I have 2 cables coming into the 622 from the wall. One goes directly into the Sat1 input and the other goes through a diplexer into Sat2 and the TV2 output, so I guess combiner=diplexer... sorry for the incorrect terminology use. :grin:

Thanks again,

-James


----------



## James Long (Apr 17, 2003)

jamesbl said:


> It sounds like then, my path of least resistance is to run the third wire up from the dish into the attic/DP34. I assume it would come directly off the 129 LNB and I should unhook the one that connects all three together, then, correct?


That's right.


jamesbl said:


> I have 2 cables coming into the 622 from the wall. One goes directly into the Sat1 input and the other goes through a diplexer into Sat2 and the TV2 output, so I guess combiner=diplexer... sorry for the incorrect terminology use. :grin:


No problem. Just want to make sure you are not going to kill anything or anyone.


----------



## jamesbl (Aug 27, 2006)

James Long said:


> That's right.No problem. Just want to make sure you are not going to kill anything or anyone.


haha, I was close... you brought me back from the edge! 

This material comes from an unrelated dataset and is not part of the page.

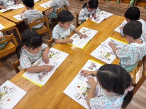 幼稚園ではみんなでコマに色を塗って自分だけのコマを作り上げました。
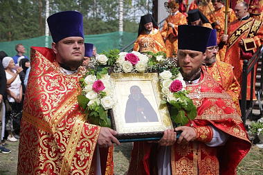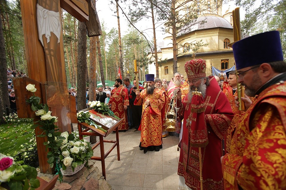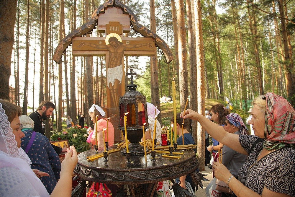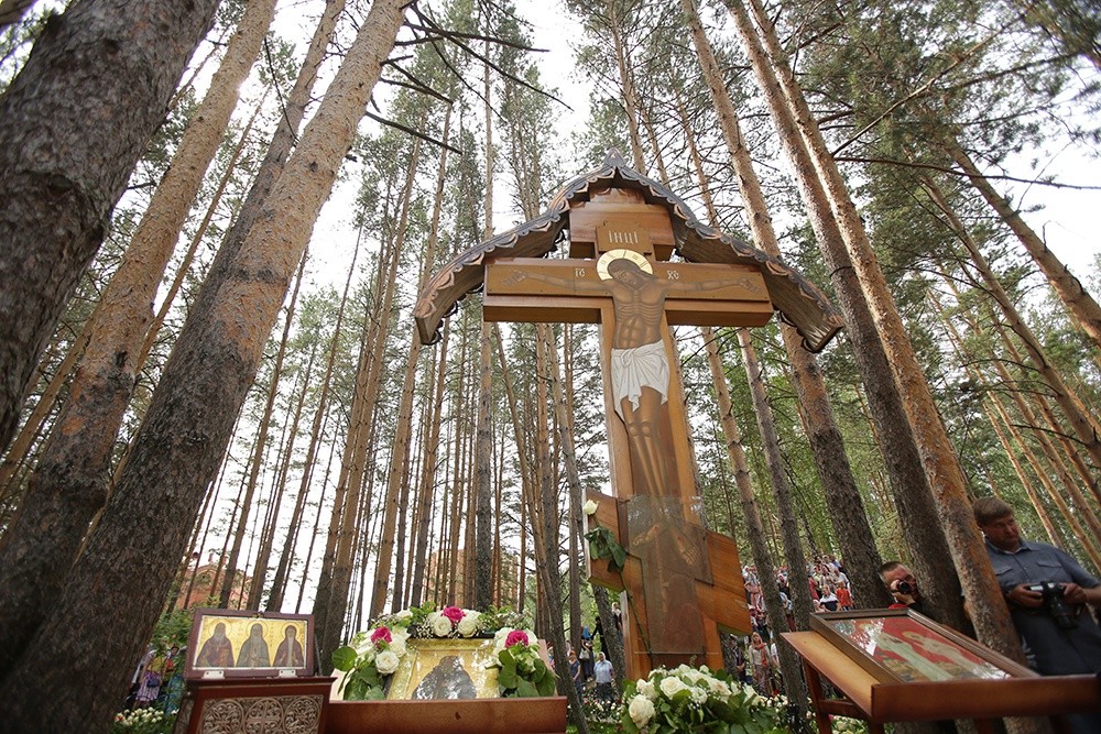 По завершении литургии состоялся крестный ход к шахте, куда в 1918 году, в ночь с 17 на 18 июля, живыми были сброшены алапаевские мученики: Великая княгиня Елисавета Феодоровна, ее келейница инокиня Варвара (Яковлева), Великий князь Сергей Михайлович, князья Дома Романовых Иоанн, Константин, Игорь Константиновичи, князь Владимир Палей и секретарь Федор Ремез.

Just to verify, I ran one of the lines directly into the 411 and of course got all 3 birds after running a check switch...

Can you point me to any schematics for the DP34? I'm curious about the downstream outputs that go to 'another switch', specifically.

Thanks again,


----------



## jamesbl (Aug 27, 2006)

Anyone?


----------



## Miner (Oct 29, 2004)

If you ran a wire directly from the DPP Twin to the 411 receiver, and it works correctly, all three satellites received, that means the output from the 129 LNB is connected to the input port on the DPP Twin, and the twin is acting as a DPP-32 switch. That is it is receiving 3 satellite feeds and outputting to 2 receivers (single or dual tuner with seperator). As soon as you connect the DP-34 switch into the equation, the input port on the DPP Twin is deactivated. That is why you need to run a single line from the 129 LNB to input port 3 of of the DP-34 switch. I believe the best karma with respect to the DP-34 switchis 119 on input 1, 110 on input 2, and 129 on input 3.


----------



## BobaBird (Mar 31, 2002)

jamesbl said:


> Can you point me to any schematics for the DP34? I'm curious about the downstream outputs that go to 'another switch', specifically.


Is that diagram no longer on the face of the DP34?

Photo: http://www.dishretailer.com/ts2002/Disk3/MVC-019S.JPG


----------